● **WHAT TO DO**
Return the listing below exactly, with the pictures dropped.

================

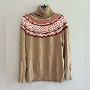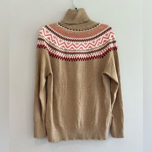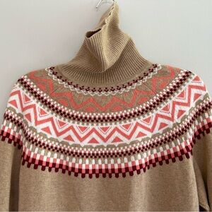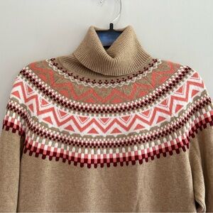 LL Bean Fair Isle Yolk Turtleneck Cotton Cashmere Sweater Tan and Coral, S
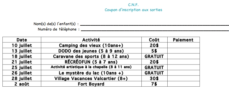 Pour inscription, imprimez le coupon et le retourner avec le paiement au bureau de la monitrice chef.
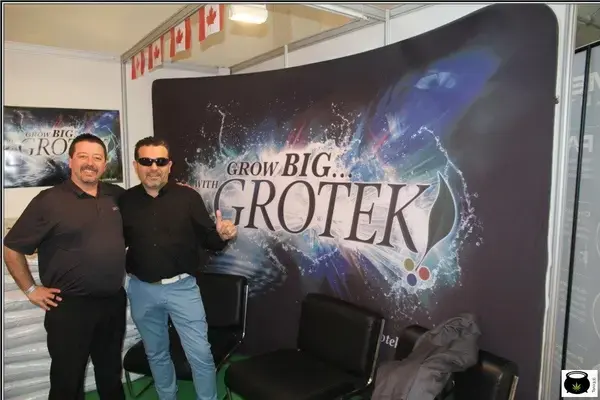 - Con la gente de Grotek en su stand. Gente honesta y trabajadora, como se puede ver en la foto, canadienses 😉 y con un inglés un poco complicado para mi nivel, jeje:
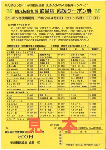 応援クーポン券は本日(8日)から30日まで観光協会の事務所で配布し、月~土曜日の午前9時から午後5時まで。
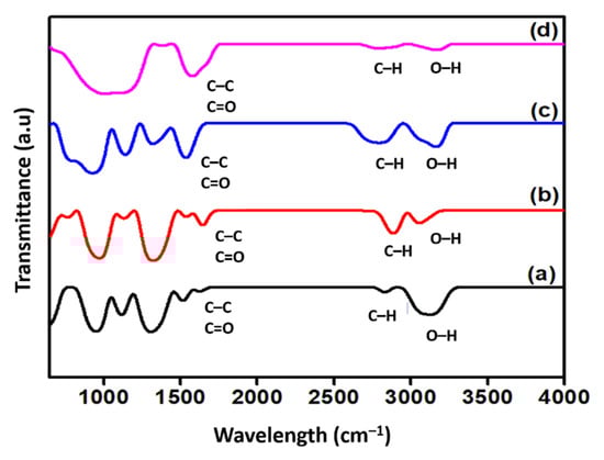 FTIR spectra of (a) commercial CNF and the surface-oxidised (b) CNF-MA; (c) CNF-MB; and (d) CNF-MC.

================

● **EXPECTED ANSWER**
 LL Bean Fair Isle Yolk Turtleneck Cotton Cashmere Sweater Tan and Coral, S
 Pour inscription, imprimez le coupon et le retourner avec le paiement au bureau de la monitrice chef.
 - Con la gente de Grotek en su stand. Gente honesta y trabajadora, como se puede ver en la foto, canadienses 😉 y con un inglés un poco complicado para mi nivel, jeje:
 応援クーポン券は本日(8日)から30日まで観光協会の事務所で配布し、月~土曜日の午前9時から午後5時まで。
 FTIR spectra of (a) commercial CNF and the surface-oxidised (b) CNF-MA; (c) CNF-MB; and (d) CNF-MC.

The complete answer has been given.